Work request | Please output only the lines running from the one that contains "菌汤中的原料之一茵类食物含有" through the last line of the data below, exactly as they stand, with no pictures.

(Information shown begins)

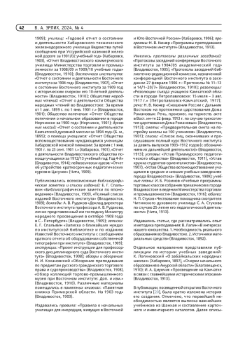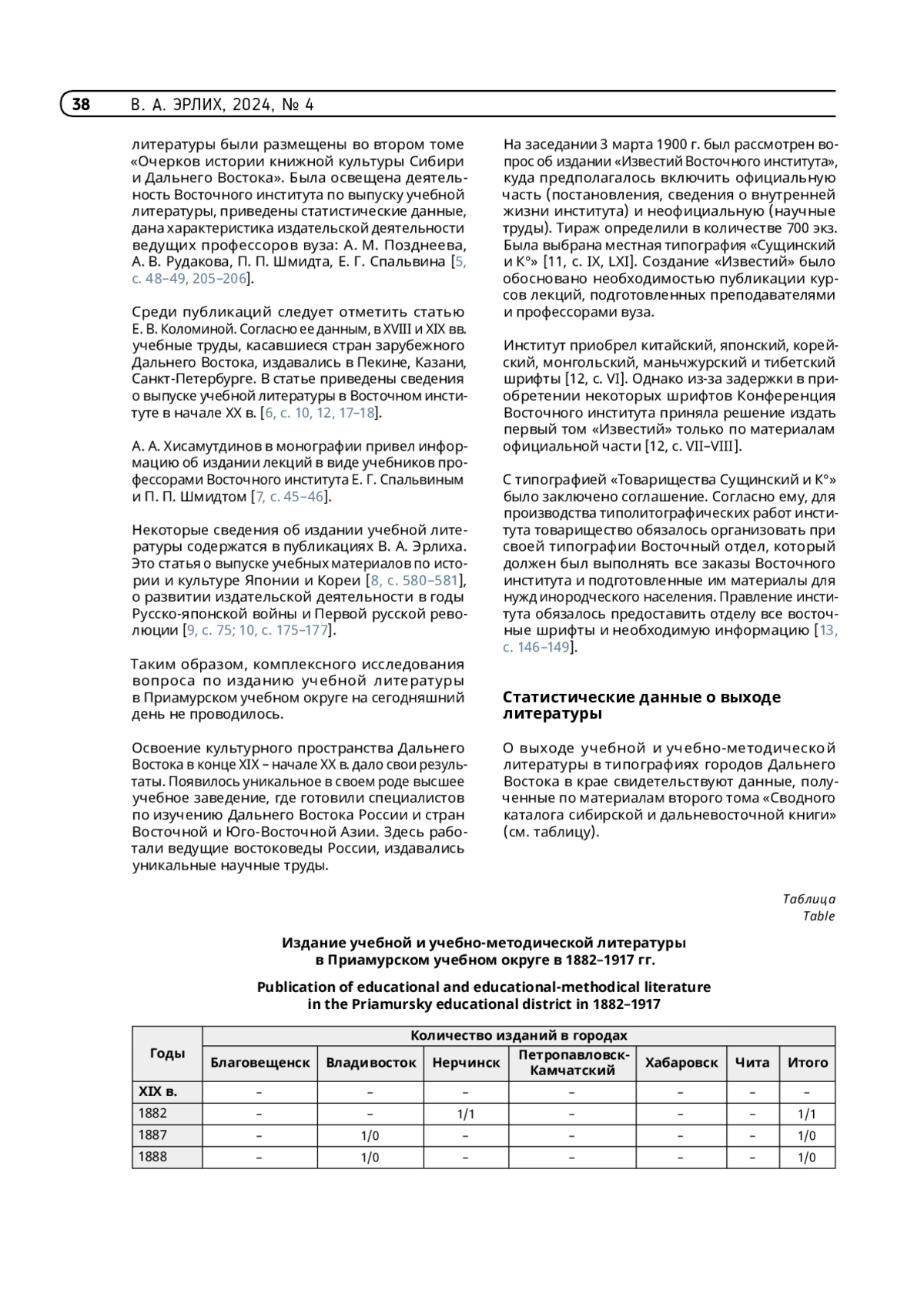 8. Эрлих В.А. Научная книга Сибири и Дальнего Востока в 1904-1907 гг. // Труды ГПНТБ СО РАН. Новосибирск : ГПНТБ СО РАН, 2013. Вып. 3. Книжная культура Сибири и Дальнего Востока в условиях общественных кризисов XIX - начала XXI в. - С. 69-80.
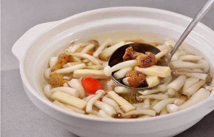 菌汤中的原料之一茵类食物含有蛋白质、碳水化合物、粗纤维、多种维生素和氨基酸,还有钙、铜以及磷等微量元素。一般菌菇都具有提高机体抵御各种疾病的免疫力、抑制肝脏内胆固醇增加,促进血液循环,有降血压、滋养皮肤等作用。
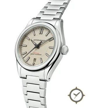 A Sports watch with a vintage-inspired 34.5mm case, crafted from stainless steel featuring a white dial with a unique matte (lightly grained / sandblasted) finish.
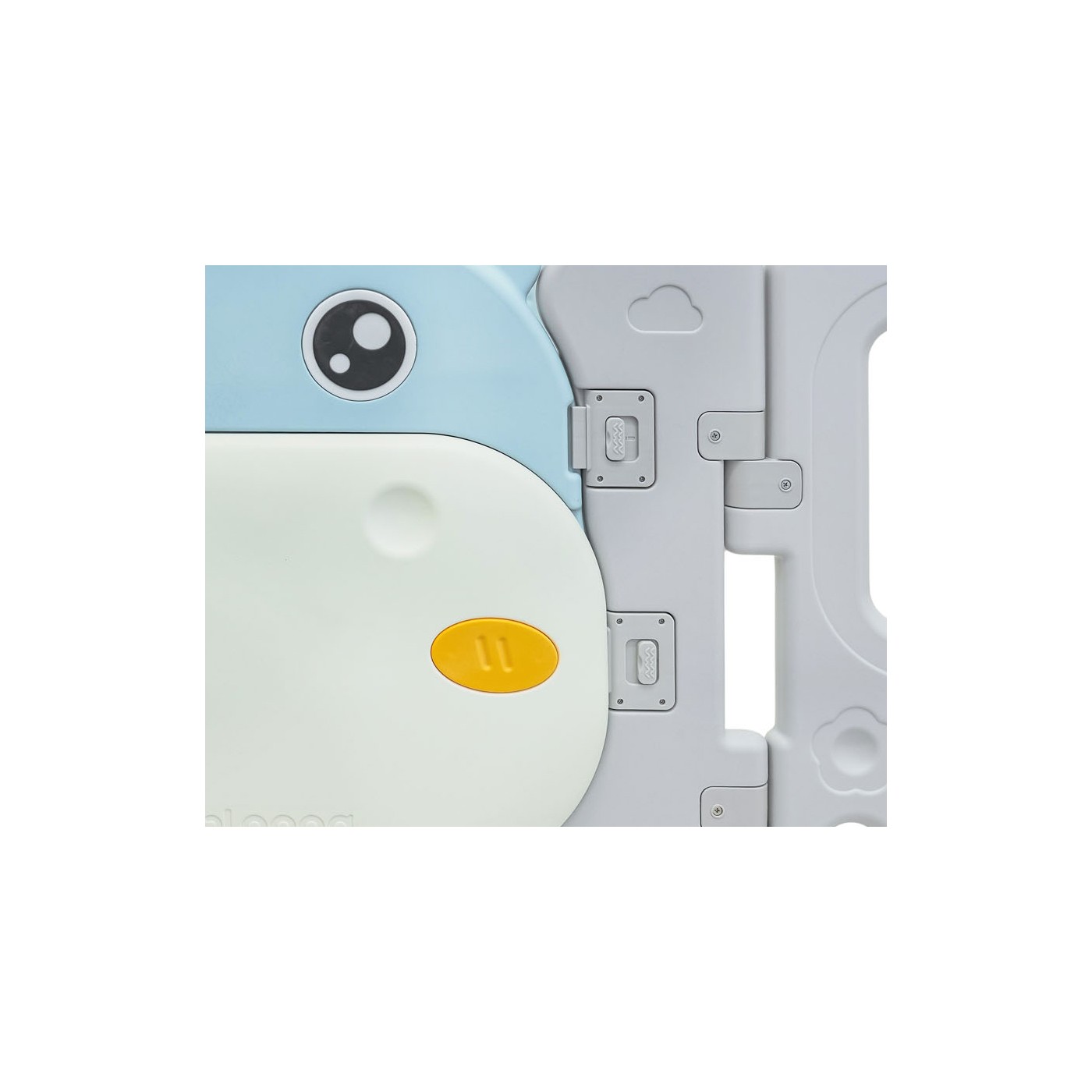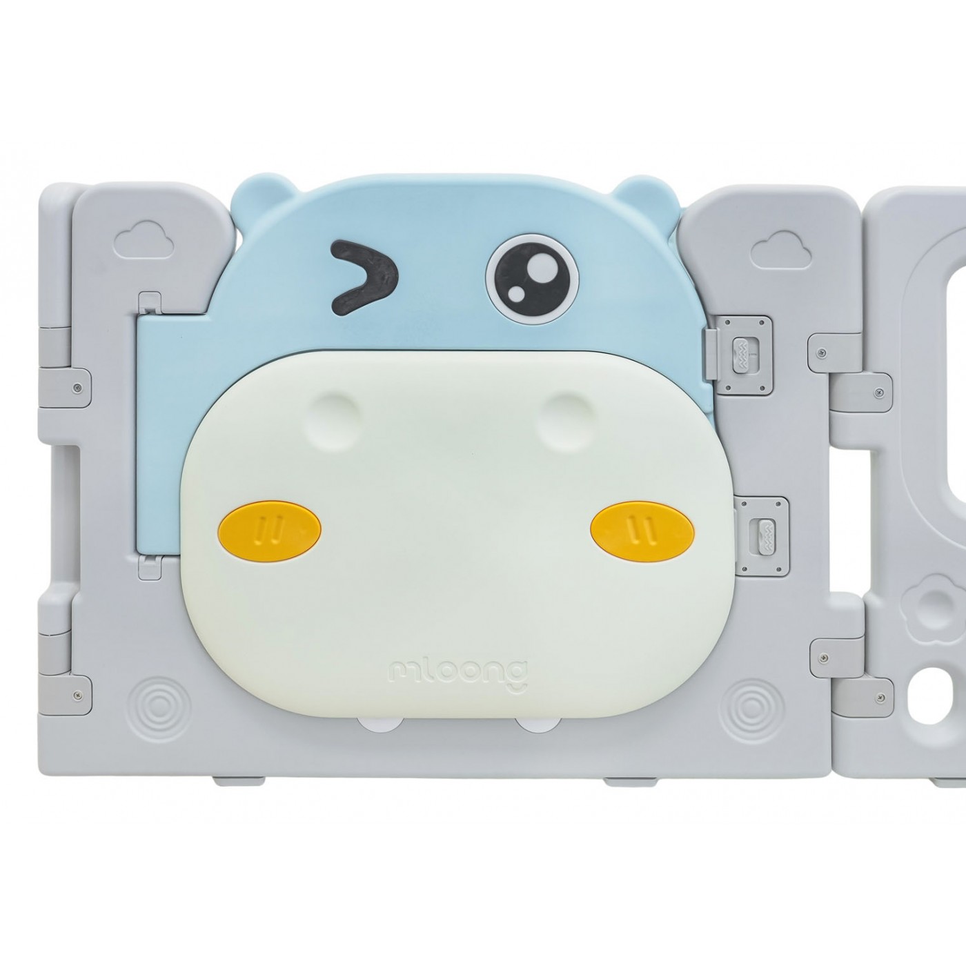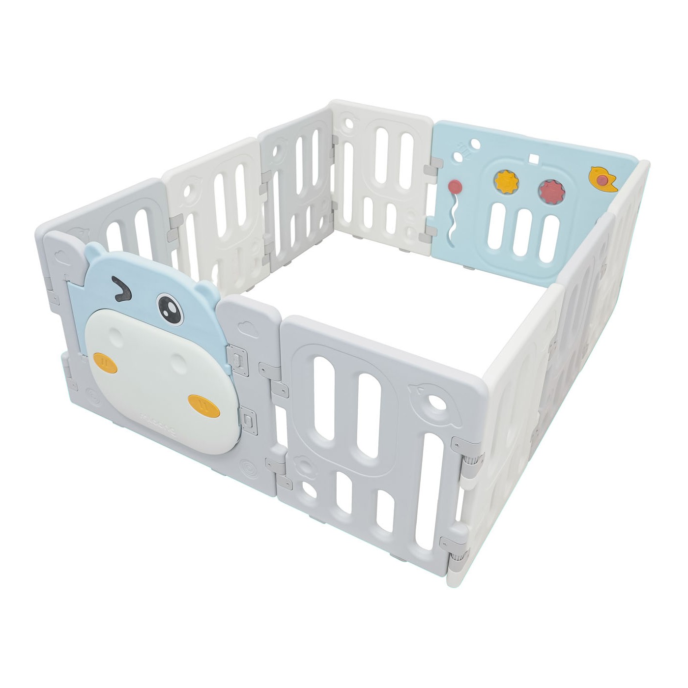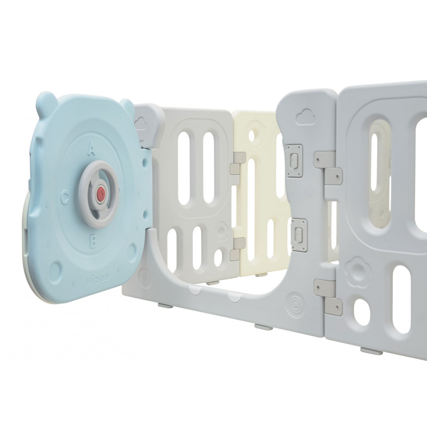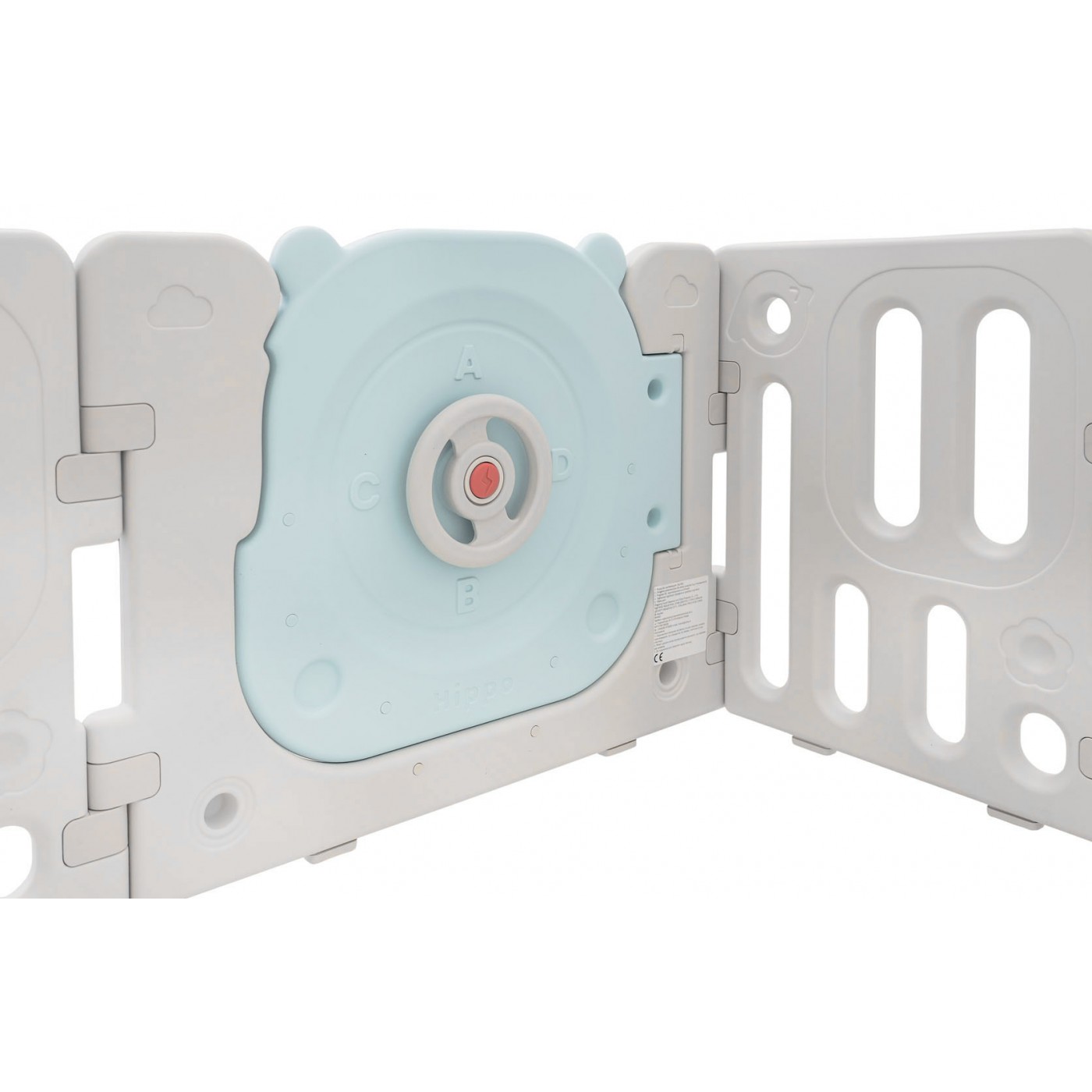 Zestaw zawiera 10 paneli, w tym jeden z bezpiecznymi drzwiczkami, które można zablokować od zewnątrz – co uniemożliwia dziecku samodzielne otwarcie i wydostanie się z płotka/kojca. Kształt drzwi przypomina głowę wesołego hipopotama, co będzie dobrze kojarzyć się najmłodszym i zachęcać ich do wejścia. Na drzwiczkach od wewnętrznej strony znajduje się obrotowa kierownica z piszczałką na środku i literami „ABCD” wokół. Zachęci to maluchy do zabawy i manipulowania kierownicą.

(Information shown ends)

Answer section |
 菌汤中的原料之一茵类食物含有蛋白质、碳水化合物、粗纤维、多种维生素和氨基酸,还有钙、铜以及磷等微量元素。一般菌菇都具有提高机体抵御各种疾病的免疫力、抑制肝脏内胆固醇增加,促进血液循环,有降血压、滋养皮肤等作用。
 A Sports watch with a vintage-inspired 34.5mm case, crafted from stainless steel featuring a white dial with a unique matte (lightly grained / sandblasted) finish.
 Zestaw zawiera 10 paneli, w tym jeden z bezpiecznymi drzwiczkami, które można zablokować od zewnątrz – co uniemożliwia dziecku samodzielne otwarcie i wydostanie się z płotka/kojca. Kształt drzwi przypomina głowę wesołego hipopotama, co będzie dobrze kojarzyć się najmłodszym i zachęcać ich do wejścia. Na drzwiczkach od wewnętrznej strony znajduje się obrotowa kierownica z piszczałką na środku i literami „ABCD” wokół. Zachęci to maluchy do zabawy i manipulowania kierownicą.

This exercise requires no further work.